We have to accept that these experiences occur, that they are real to the people who have them, in the same way that if a patient has depression you would never say, “I know that you are feeling depressed but that is just an illusion. I’m the doctor. I’m going to tell you what your feelings really mean.” But with NDEs, we do this all the time: “I know you think you saw this, but you really didn’t.”
Aren’t NDEs just hallucinations?
We know from clinical tests that the brain doesn’t function after death, therefore you can’t even hallucinate. It’s ridiculous to say that NDE people are hallucinating because you have to have a functioning brain. If I take a person in cardiac arrest and inject them with LSD, I guarantee you they will not hallucinate.

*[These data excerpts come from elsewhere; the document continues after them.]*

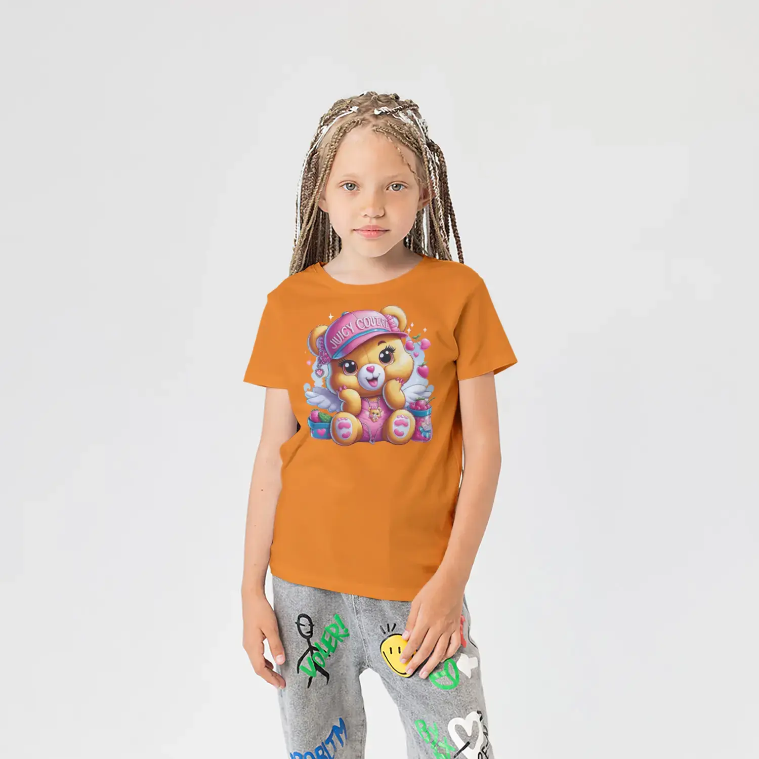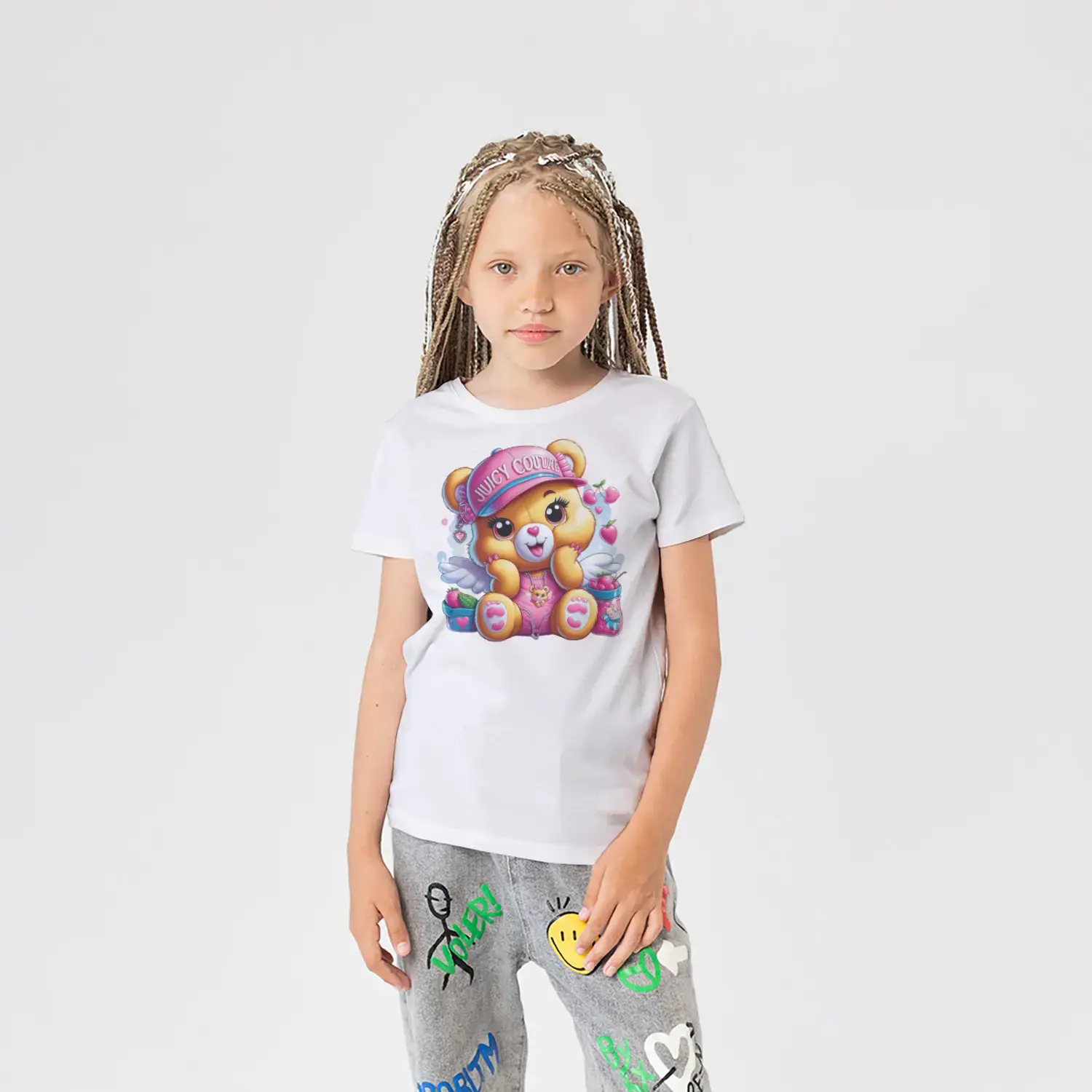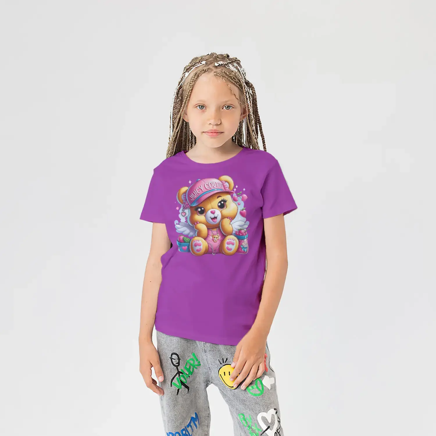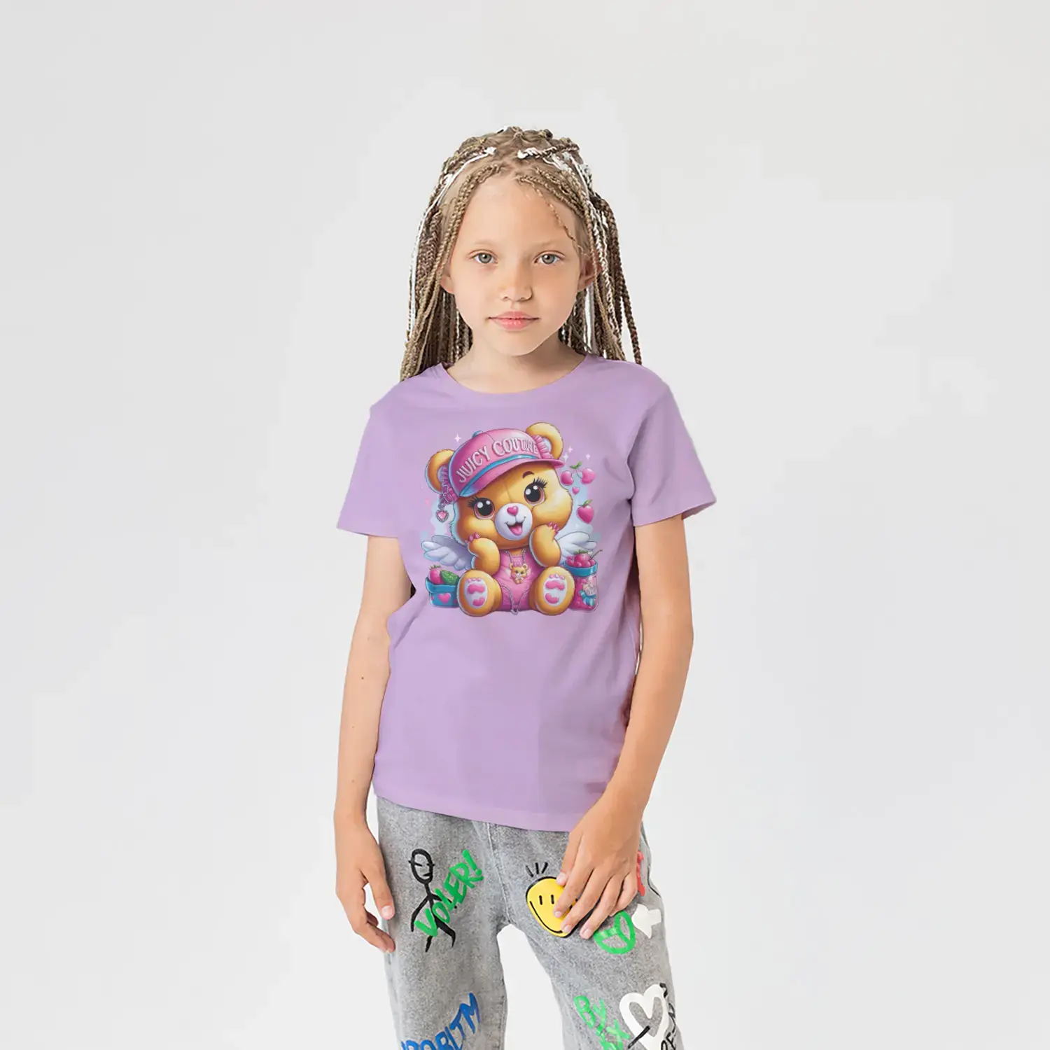 Pembe Şapkalı Tatlı Ayıcık Melek Kanatlı Baskılı Kız Çocuk Tişörtü
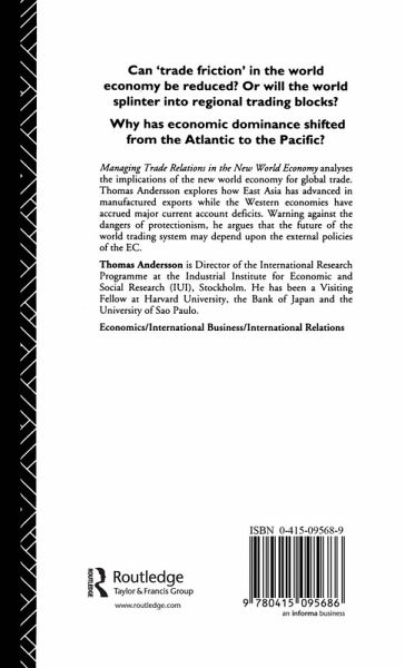 Managing Trade Relations in the New World Economy analyses the implications of the new world economy for global trade. Thomas Andersson explores how manufactured exports have increased exponentially while the western economies have accrued massive current account deficits. Warning against the dangers of protectionism, he argues that the future of the world trading system, may depend upon the external policies of the EC.
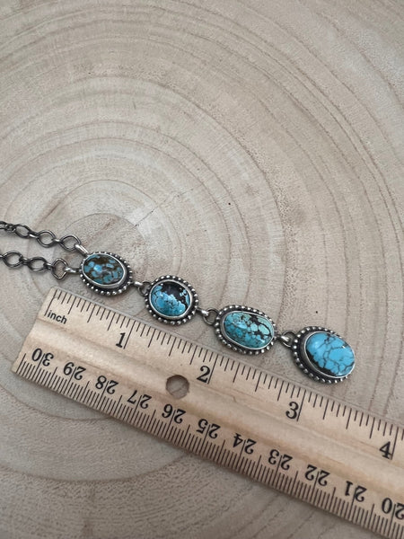 Navajo Handmade Kingman Turquoise Lariat Necklace by Lorenzo Juan - 20 inch
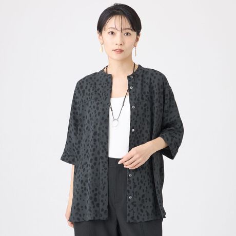オリジナルのチータードットプリントを施したポリエステル素材。適度な肉感と落ち感が魅力です。吸水速乾機能付きで、気温が高い時季にも快適に着用できます。
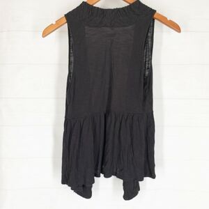 Decree S Open Front Top Solid Black Ruched Peplum Sleeveless Festivals!
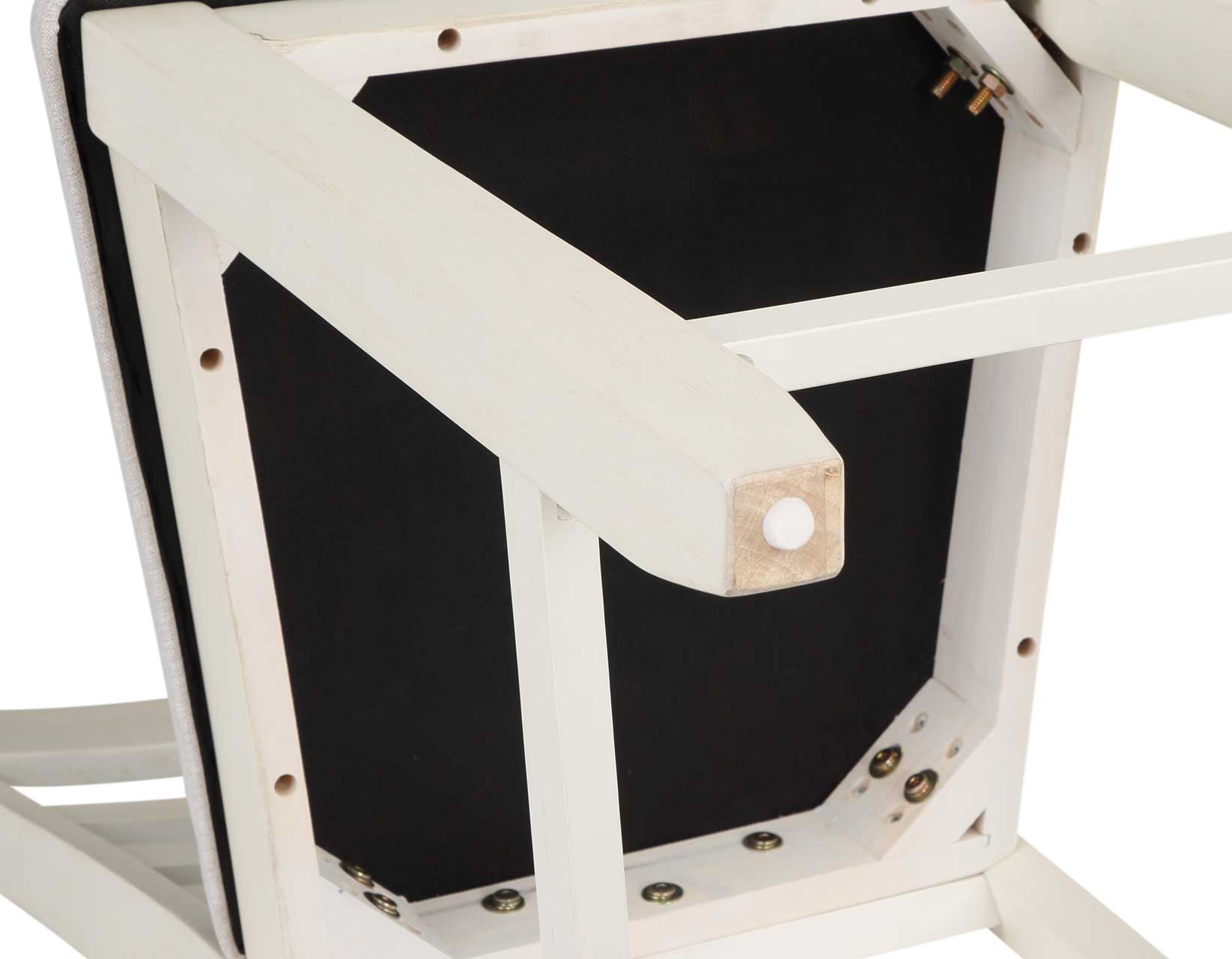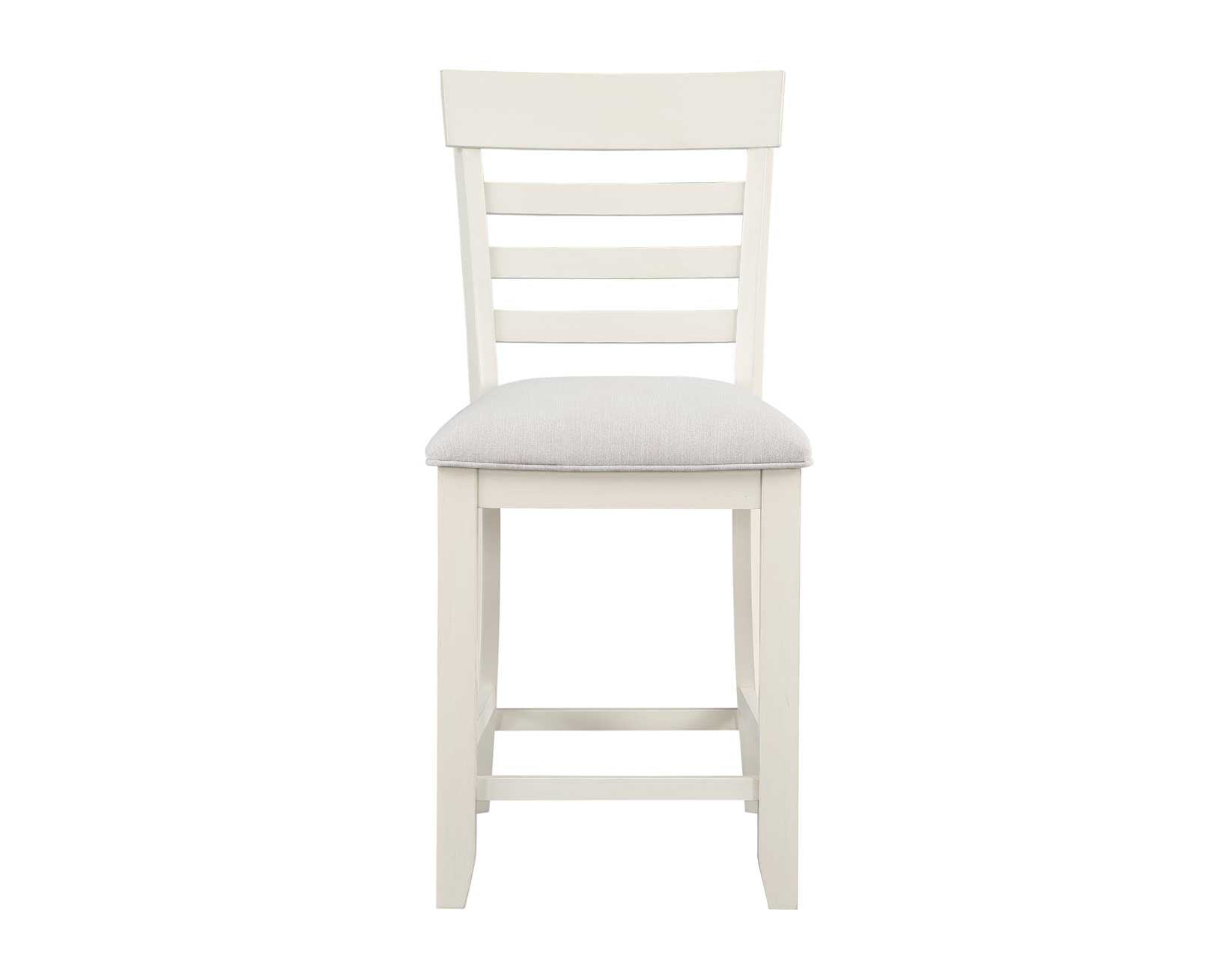An upholstered Counter Chair that sports a crisp white finish and cream-colored fabric seat for a fresh, comfortable addition to any kitchen or dining area. The horizontal slatback design features a shaped top rail for a relaxed transitional appeal for modern, farmhouse or coastal environments. Stretchers add structural support and a place to rest your feet when seated at the Hyland Counter Table or a Counter Bar.

For your study of out of body experiences (OBEs), you placed images in hospital rooms on high shelves only someone floating near the ceiling could see. So far, two patients have had OBEs, but neither in a room with a shelf…
That’s right. We had 25 hospitals that had an average of 500 beds working on the study. To put a shelf above every single bed, we would have to put up 12,500 shelves. That was completely unmanageable. We selected areas where cardiac arrest patients are frequently treated but even with that, at least half of those who had cardiac arrests and survived were in areas without shelves.
Are you continuing the experiment?
Yes. It’s part of an overall package to improve resuscitation to the brain. We are trying not to forget during resuscitation that there’s a human being in there.
In your book, you imply that death might be pleasant. Why do you think that?
The question is, what happens to human consciousness – the thing that makes me into who I am – when my heart stops beating and I die? From our external view, it looks like it simply disappears. But it sort of hibernates, in the same way as it does when you are given a general anaesthetic. And it comes back. I don’t believe that your consciousness is annihilated when you reach the point of death. How far does it continue? I don’t know. But I do know that at least in the period of time in which we can bring people back to life that entity of the human mind has not been annihilated.
What does this mean?
Those people who have pleasant experiences after death suggest that we should not be afraid of the process. It means there is no reason to fear death.